══ Data excerpts ══
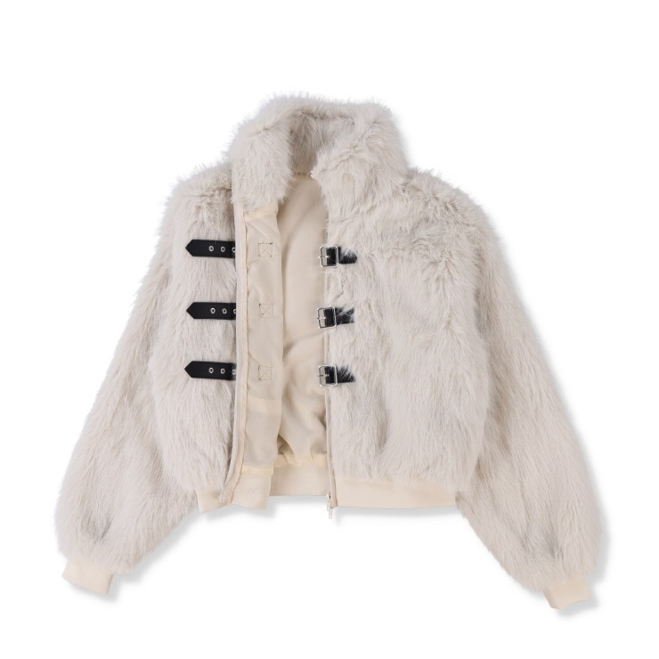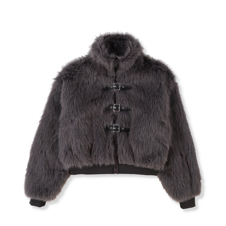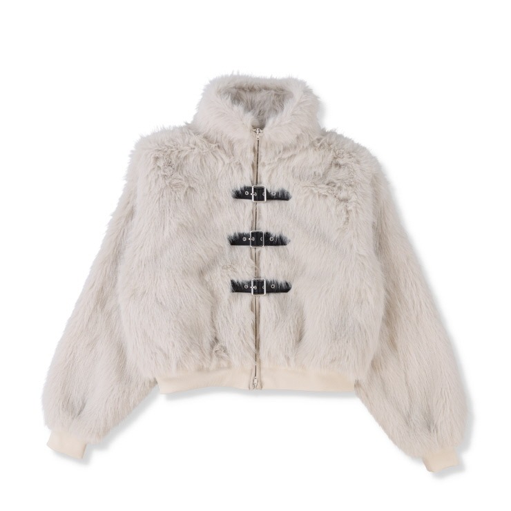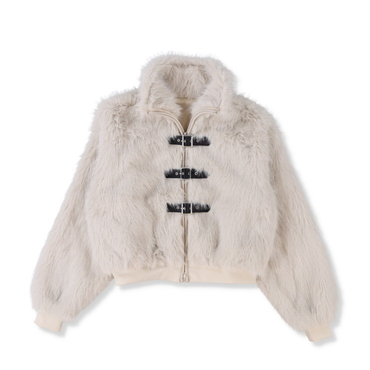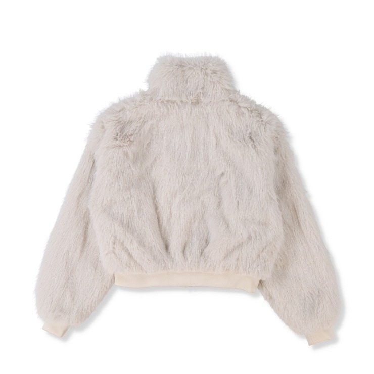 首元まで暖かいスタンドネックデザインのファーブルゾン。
═══
══ Data excerpts ══
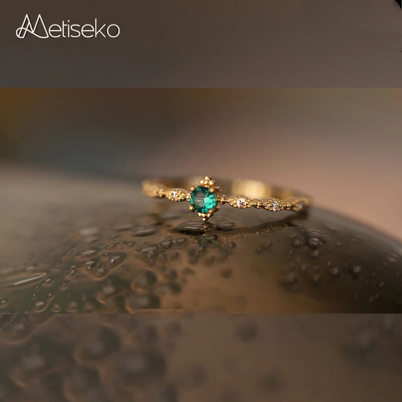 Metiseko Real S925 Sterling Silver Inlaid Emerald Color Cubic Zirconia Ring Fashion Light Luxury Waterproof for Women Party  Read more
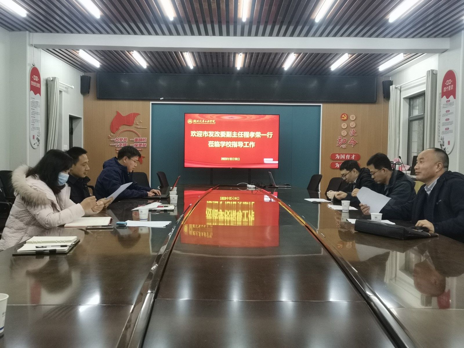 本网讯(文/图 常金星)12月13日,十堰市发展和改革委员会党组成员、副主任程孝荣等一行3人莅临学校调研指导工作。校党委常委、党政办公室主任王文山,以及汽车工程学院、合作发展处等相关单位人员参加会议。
═══
## Task to complete
Using the records above, return verbatim only the part that opens with the line containing "Metiseko Real S925" and closes with the line containing "本网讯(文/图 常金星)12"; pictures stay out.

## Task answer
 Metiseko Real S925 Sterling Silver Inlaid Emerald Color Cubic Zirconia Ring Fashion Light Luxury Waterproof for Women Party  Read more
 本网讯(文/图 常金星)12月13日,十堰市发展和改革委员会党组成员、副主任程孝荣等一行3人莅临学校调研指导工作。校党委常委、党政办公室主任王文山,以及汽车工程学院、合作发展处等相关单位人员参加会议。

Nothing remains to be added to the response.